HKUST researchers develop a method for single cell analysis
Single-cell genomics has become a mainstay technology used to dissect multicellular organisms and tissues that are composed of cells with diverse functions. The power of this approach has been demonstrated in comprehensive reference studies including cell atlases. Novel cell types have been discovered that further led to the elucidation of new mechanisms, complex cellular interactions and transitions associated with disease initiation or progression have been revealed, and cross-species analyses have shed light on evolutionary processes.
The use of single-cell technology in studying cancer is especially important. Regulatory mechanisms underlying drug resistance or immune evasion are elusive and complex, and tumor cell heterogeneity is a major contributing factor to this complexity, making it particularly challenging to dissect these mechanisms with bulk techniques. Single-cell technologies have greatly enhanced our understanding of tumor heterogeneity and accelerated mechanistic discovery.
Frozen tumors in biobanks represent most of the readily available clinical samples for cancer studies. Several single-cell methods that interrogate DNA and RNA simultaneously in the same cell have been developed but their applicability to frozen biobanked tissues is limited. Among these methods, many require physical separation of the nucleus from the cytosol. These methods are technically demanding and time-consuming and inevitably result in some sample loss.

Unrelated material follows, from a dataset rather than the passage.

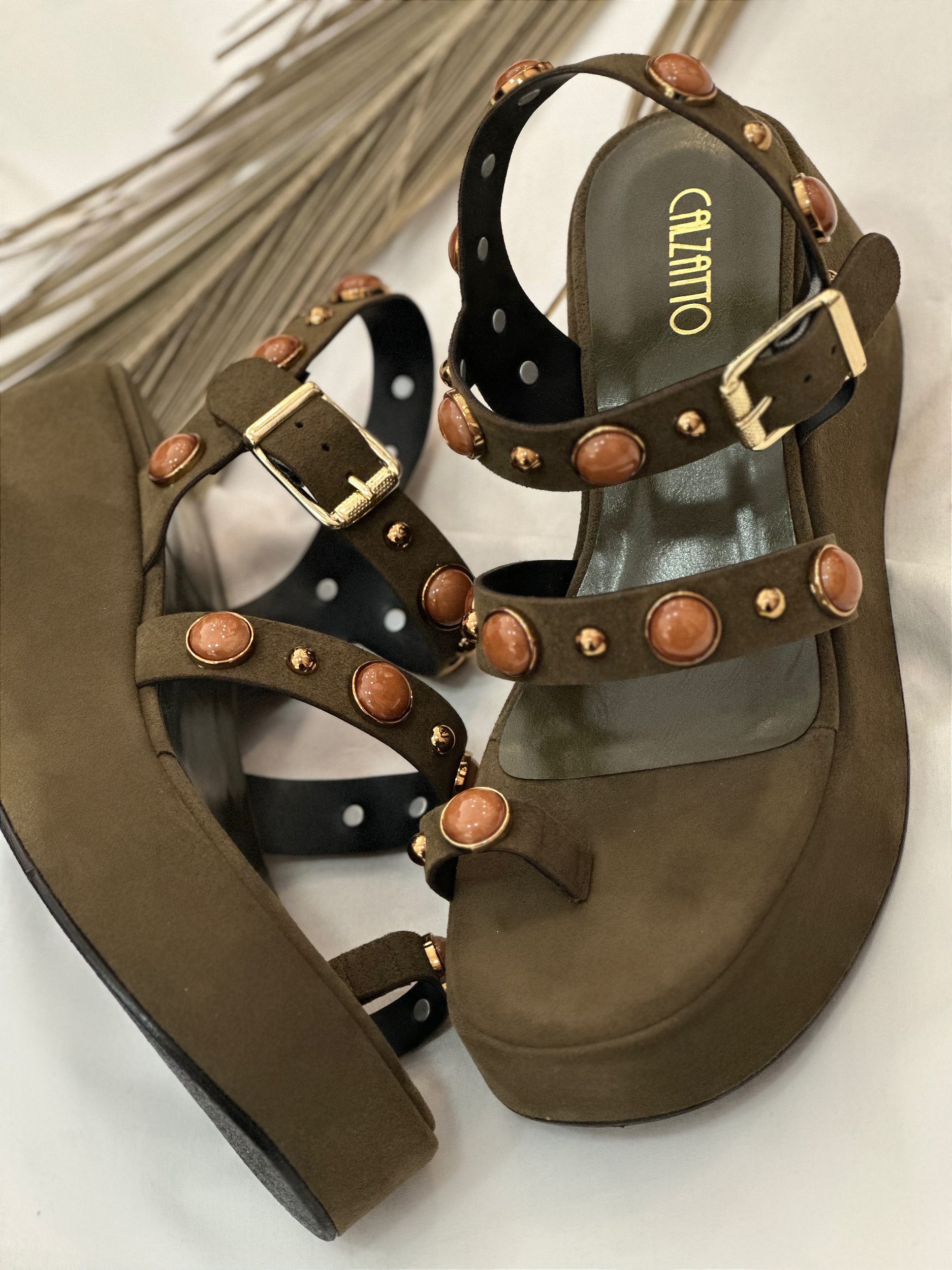 Anabela Anna Verde militar com detalhes em Caramelo

A team at the Hong Kong University of Science and Technology led by Dr Angela Wu has developed a single-cell whole genomic sequencing method that is versatile, easy to use, and compatible with single nuclei from frozen tissues.
scONE-seq amplifies the transcriptome and genome of a single cell or nucleus simultaneously in a one-pot reaction. During the coamplification, specifically designed DNA and RNA barcodes with unique molecular identifiers recognise each nucleic acid species allowing transcriptomic and genomic information to be distinguished after sequencing. scONE-seq has a simplified library construction workflow and is compatible with standard single-cell isolation methods such as fluorescence-activated cell sorting. It can be easily scaled up using liquid-handling robots and is still readily accessible for manual operation. The simplified workflow eliminates transferring steps that cause material loss, thereby ensuring good library quality; and because DNA and RNA can be coamplified, scONE-seq is applicable to nuclei from frozen samples.

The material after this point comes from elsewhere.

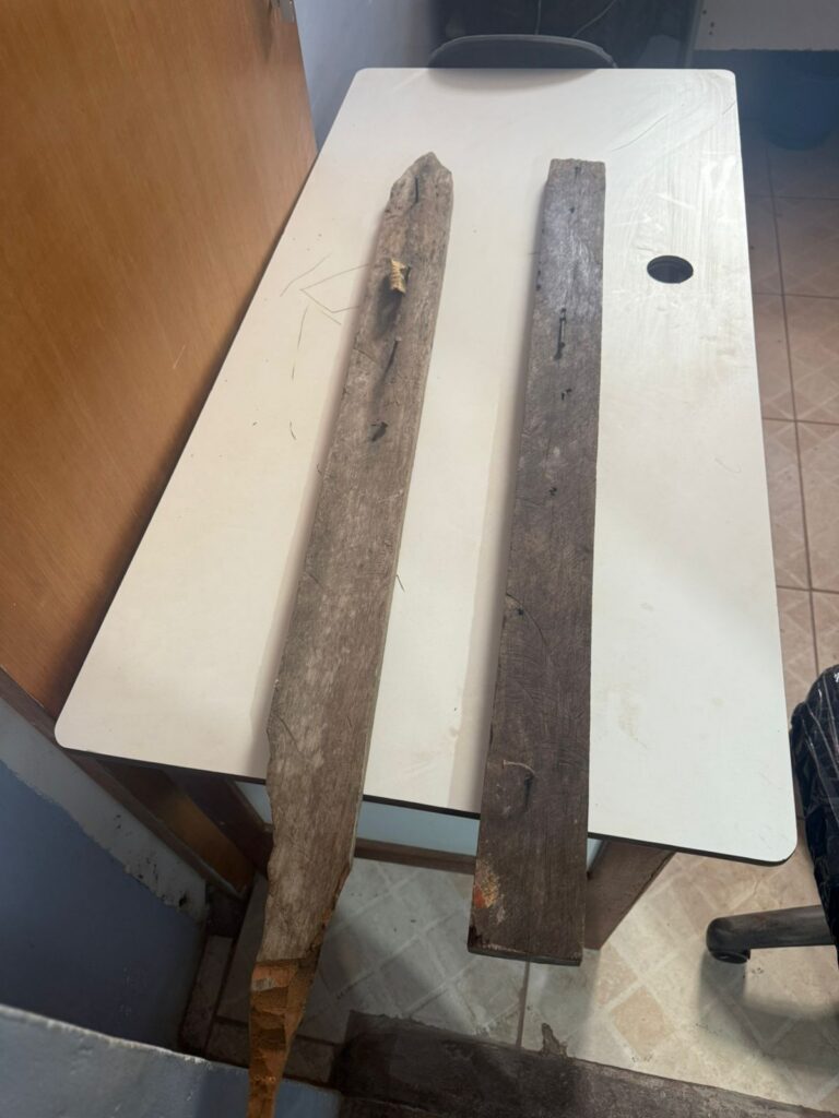 Ainda segundo a delegada, com a colaboração dos depoimentos de familiares, foi possível apreender um terçado e uma ripa de madeira usados no crime; e efetuar a prisão em flagrante do homem, em via pública, e apreender o adolescente na rua Ângelo Portugal, no município.

The team benchmarked the technical performance of scONE-seq and showed that it is comparable to existing methods using various sample types, including cell lines and lymphocytes from the peripheral blood mononuclear cells of a healthy donor. scONE-seq allowed the discovery of novel disease-related phenotypes in a frozen mutant astrocytoma sample.

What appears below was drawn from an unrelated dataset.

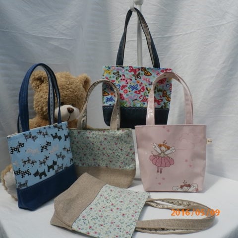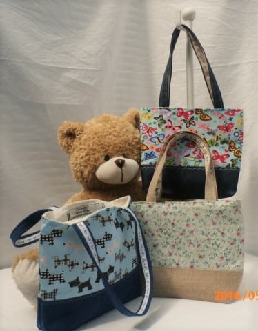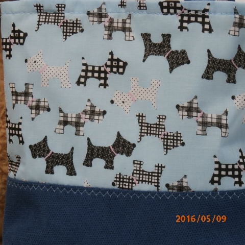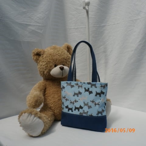 This little girls tote bag is made from a light blue cotton fabric with scottie dogs on it.

The team used scONE-seq to integrate clonal and transcriptomic information and identified a unique normal-like tumor clone in this sample. Further analysis indicated that this subpopulation exhibits molecular phenotypes related to tumor-neuron synapse formation and immune repression regulation. This finding demonstrated the power of scONE-seq to identify unique cell subpopulations from true normal cells by harnessing both genome and transcriptome information.
The research was published in Science Advances.